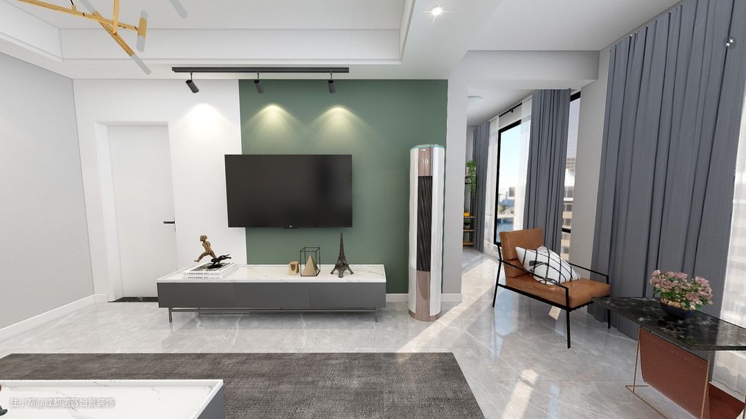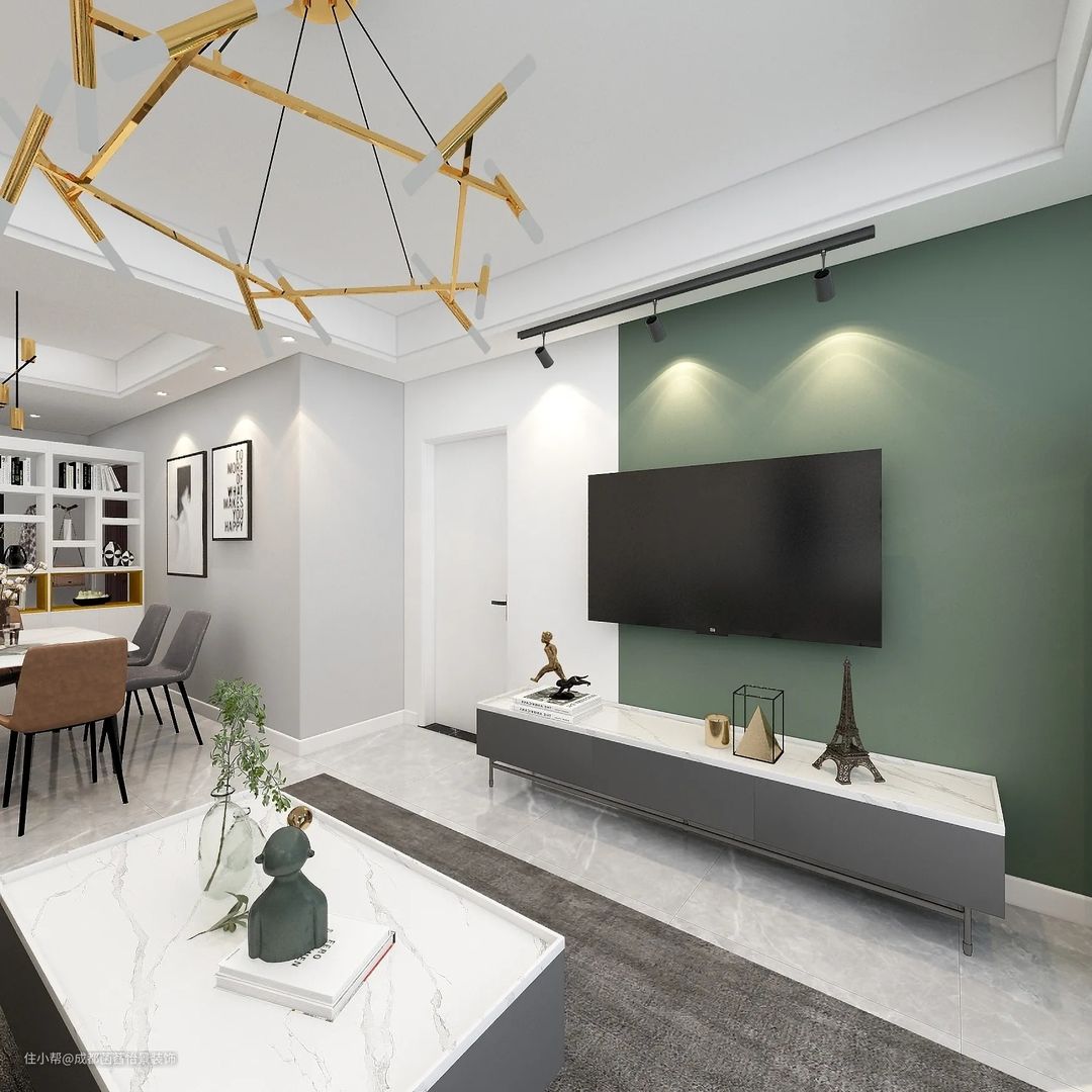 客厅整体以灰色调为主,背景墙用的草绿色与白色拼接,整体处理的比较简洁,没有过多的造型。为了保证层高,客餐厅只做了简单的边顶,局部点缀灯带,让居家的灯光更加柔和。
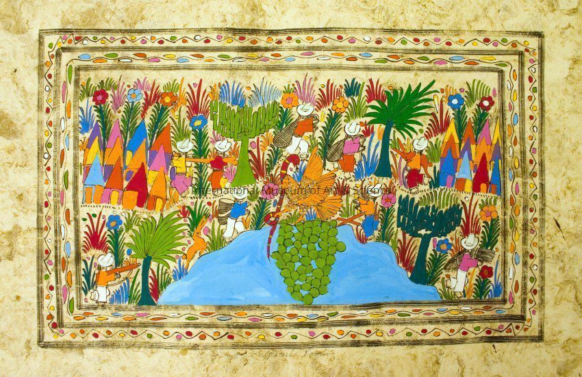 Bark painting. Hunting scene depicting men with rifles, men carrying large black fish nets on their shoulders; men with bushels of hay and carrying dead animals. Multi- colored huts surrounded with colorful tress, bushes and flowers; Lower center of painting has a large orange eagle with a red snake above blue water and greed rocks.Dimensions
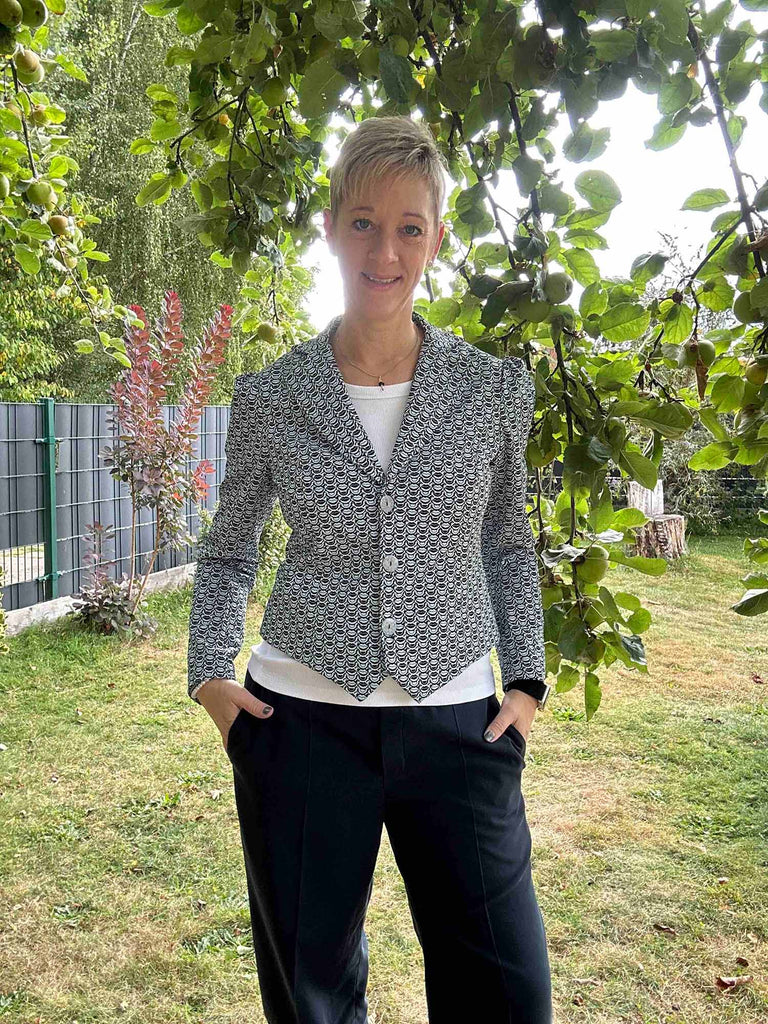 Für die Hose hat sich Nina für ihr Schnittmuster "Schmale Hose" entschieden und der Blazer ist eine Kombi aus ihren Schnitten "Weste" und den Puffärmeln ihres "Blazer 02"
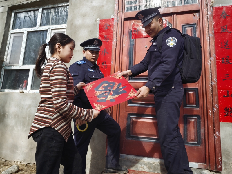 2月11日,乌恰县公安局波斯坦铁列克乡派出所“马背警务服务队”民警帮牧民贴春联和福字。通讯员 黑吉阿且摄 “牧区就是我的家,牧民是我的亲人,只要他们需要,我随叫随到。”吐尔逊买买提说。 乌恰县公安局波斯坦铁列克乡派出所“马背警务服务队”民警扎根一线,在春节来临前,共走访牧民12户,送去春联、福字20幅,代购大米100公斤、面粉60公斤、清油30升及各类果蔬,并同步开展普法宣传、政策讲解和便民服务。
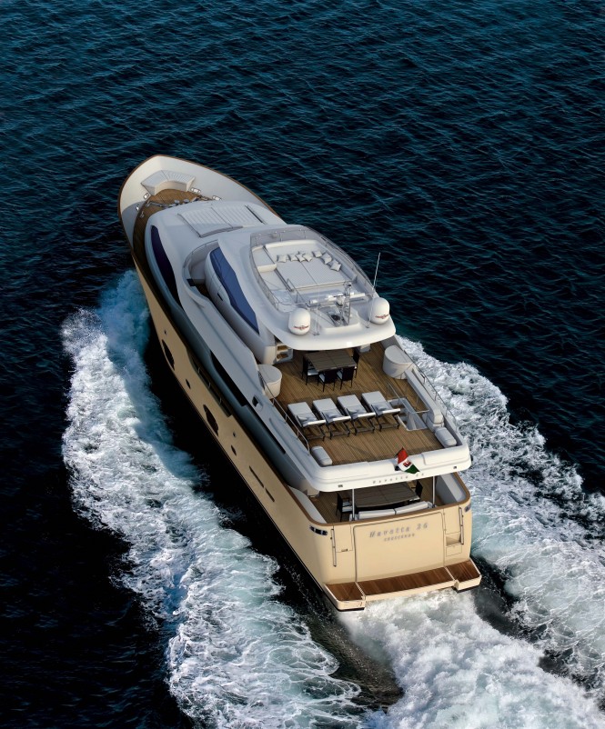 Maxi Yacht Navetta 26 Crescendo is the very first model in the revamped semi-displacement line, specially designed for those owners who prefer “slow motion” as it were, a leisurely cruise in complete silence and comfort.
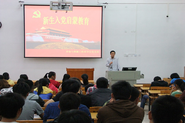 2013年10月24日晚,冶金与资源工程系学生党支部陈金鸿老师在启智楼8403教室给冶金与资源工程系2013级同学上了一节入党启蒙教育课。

**Requirement**
Print all records word for word, no images.

**Task output**
 客厅整体以灰色调为主,背景墙用的草绿色与白色拼接,整体处理的比较简洁,没有过多的造型。为了保证层高,客餐厅只做了简单的边顶,局部点缀灯带,让居家的灯光更加柔和。
 Bark painting. Hunting scene depicting men with rifles, men carrying large black fish nets on their shoulders; men with bushels of hay and carrying dead animals. Multi- colored huts surrounded with colorful tress, bushes and flowers; Lower center of painting has a large orange eagle with a red snake above blue water and greed rocks.Dimensions
 Für die Hose hat sich Nina für ihr Schnittmuster "Schmale Hose" entschieden und der Blazer ist eine Kombi aus ihren Schnitten "Weste" und den Puffärmeln ihres "Blazer 02"
 2月11日,乌恰县公安局波斯坦铁列克乡派出所“马背警务服务队”民警帮牧民贴春联和福字。通讯员 黑吉阿且摄 “牧区就是我的家,牧民是我的亲人,只要他们需要,我随叫随到。”吐尔逊买买提说。 乌恰县公安局波斯坦铁列克乡派出所“马背警务服务队”民警扎根一线,在春节来临前,共走访牧民12户,送去春联、福字20幅,代购大米100公斤、面粉60公斤、清油30升及各类果蔬,并同步开展普法宣传、政策讲解和便民服务。
 Maxi Yacht Navetta 26 Crescendo is the very first model in the revamped semi-displacement line, specially designed for those owners who prefer “slow motion” as it were, a leisurely cruise in complete silence and comfort.
 2013年10月24日晚,冶金与资源工程系学生党支部陈金鸿老师在启智楼8403教室给冶金与资源工程系2013级同学上了一节入党启蒙教育课。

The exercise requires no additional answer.